[Given material]:

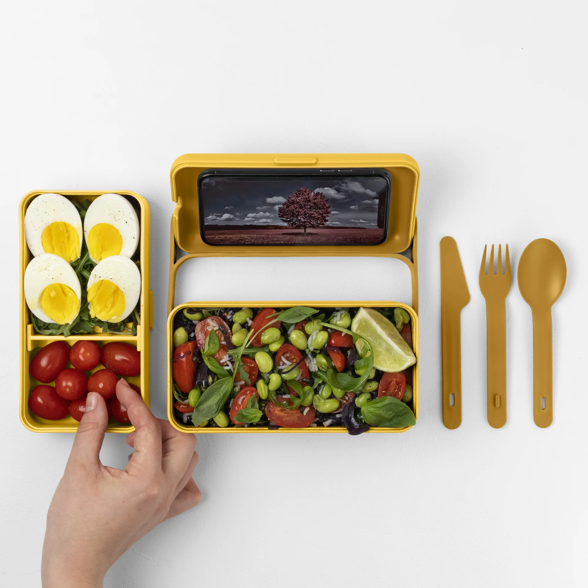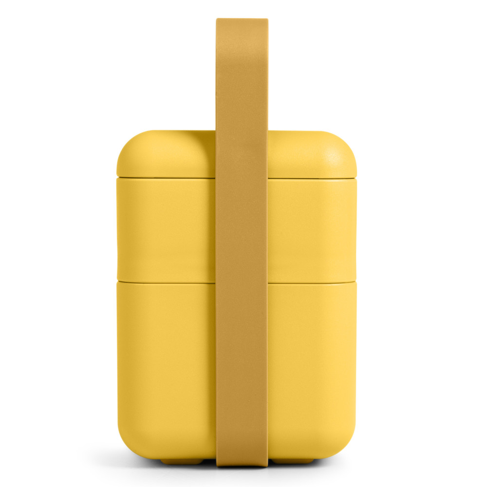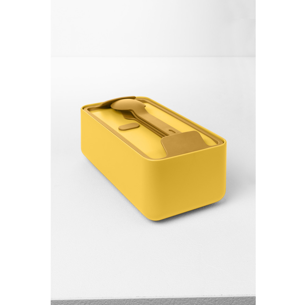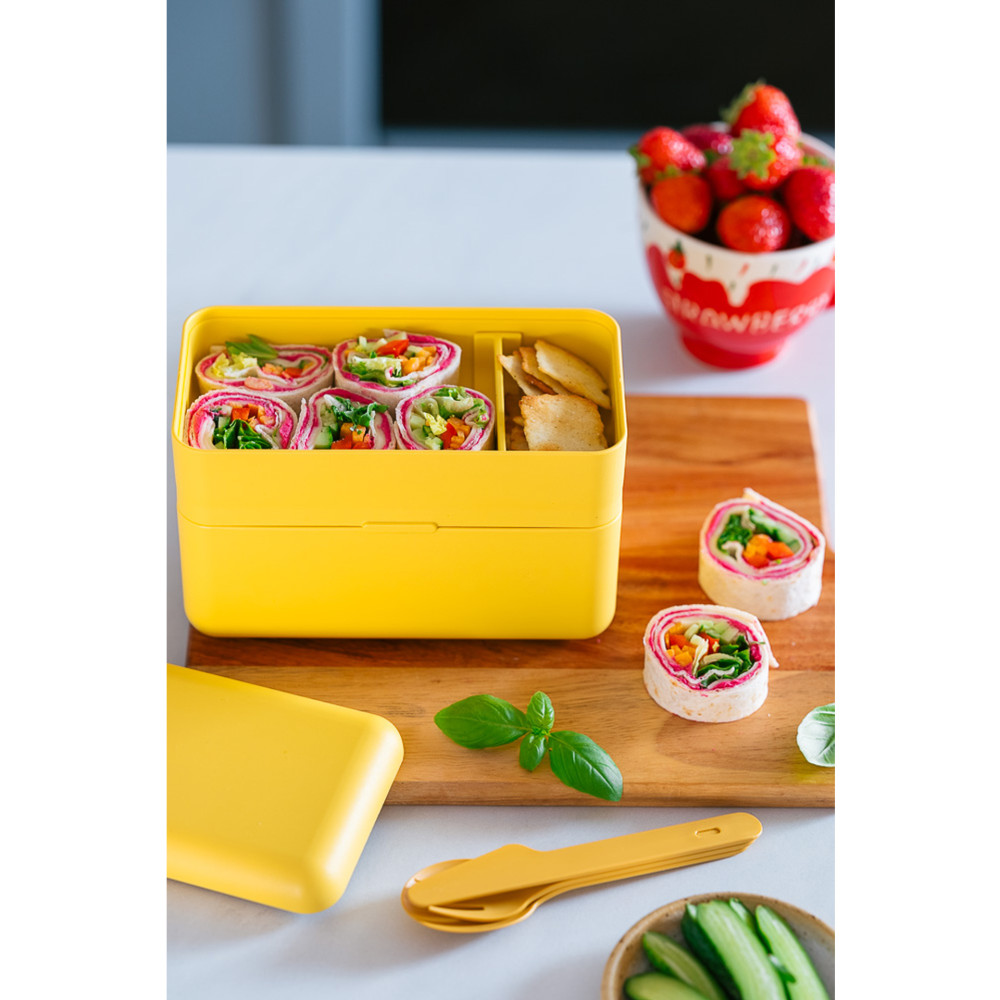 Wewnętrzny, ruchomy separator dzieli żywność, aby zachować ich najlepszy smak i konsystencję. Specjalny otwór odpowietrzający umożliwia równomierne nagrzewanie i bezpieczne użytkowanie w mikrofalówce. Hermetyczna pokrywa z otworem na słuchawki lub kabel do ładowania smartfona, staje się zarazem stabilną podstawką pod telefon. Łatwe zamykanie i otwieranie nie powodują szarpnięcia i przemieszczania się jedzenia wewnątrz. Dodatkowym zabezpieczeniem przed otwarciem jest efektowny pasek, który służy równie do wygodnego przenoszenia twojego posiłku. Zestaw zawiera sztućce, które kompaktowo umieszczone są na wierzchniej części pojemnika tuż pod pokrywą główną.
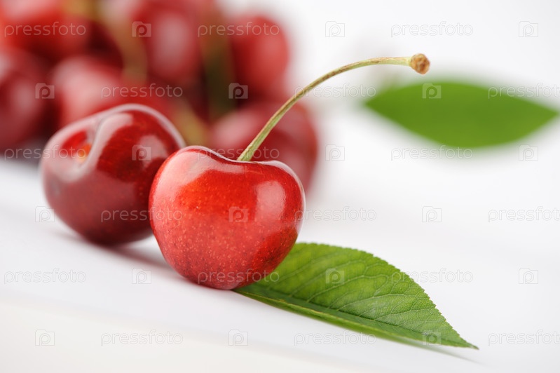 Черешни с листьями
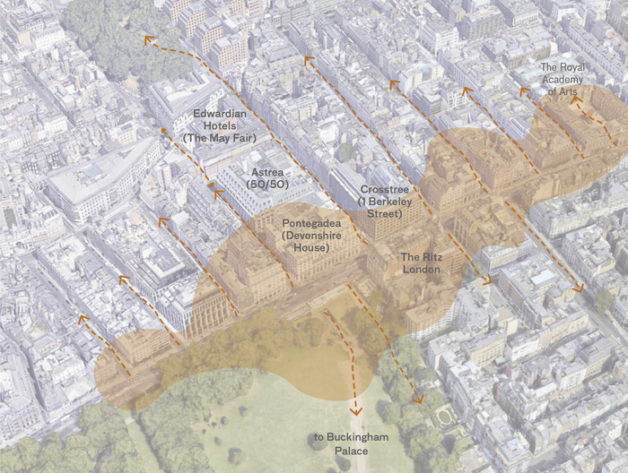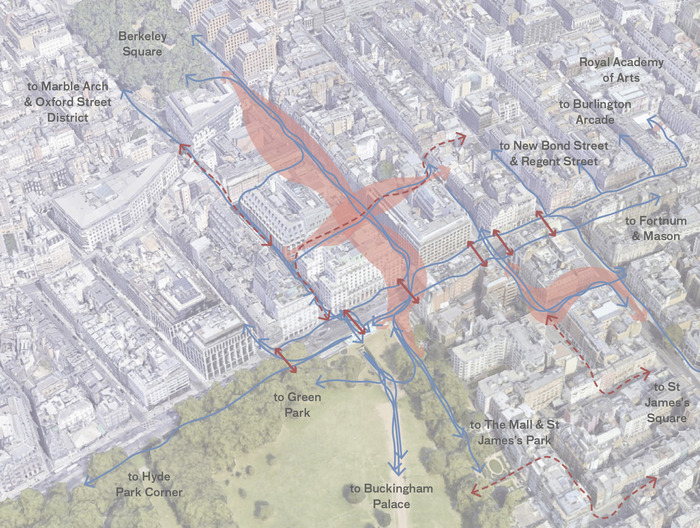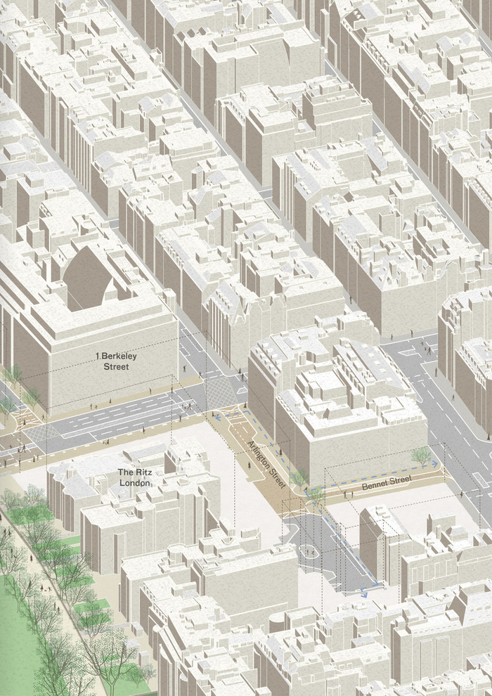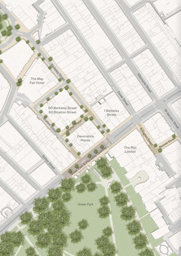 Piccadilly, sitting on the threshold of the Mayfair Conservation Area and St James Conservation Area, holds a significant historic presence in central London, whilst also contributing to the evolving and contemporary fabric of the urban quarter. The proposals enhance the existing character of the area, employing Piccadilly as the key spine which connects the surrounding cultural destinations from the Royal Academy to Hyde Park Corner.

[Exercise]:
Send back the data above verbatim, leaving out its pictures.

[Exercise solution]:
 Wewnętrzny, ruchomy separator dzieli żywność, aby zachować ich najlepszy smak i konsystencję. Specjalny otwór odpowietrzający umożliwia równomierne nagrzewanie i bezpieczne użytkowanie w mikrofalówce. Hermetyczna pokrywa z otworem na słuchawki lub kabel do ładowania smartfona, staje się zarazem stabilną podstawką pod telefon. Łatwe zamykanie i otwieranie nie powodują szarpnięcia i przemieszczania się jedzenia wewnątrz. Dodatkowym zabezpieczeniem przed otwarciem jest efektowny pasek, który służy równie do wygodnego przenoszenia twojego posiłku. Zestaw zawiera sztućce, które kompaktowo umieszczone są na wierzchniej części pojemnika tuż pod pokrywą główną.
 Черешни с листьями
 Piccadilly, sitting on the threshold of the Mayfair Conservation Area and St James Conservation Area, holds a significant historic presence in central London, whilst also contributing to the evolving and contemporary fabric of the urban quarter. The proposals enhance the existing character of the area, employing Piccadilly as the key spine which connects the surrounding cultural destinations from the Royal Academy to Hyde Park Corner.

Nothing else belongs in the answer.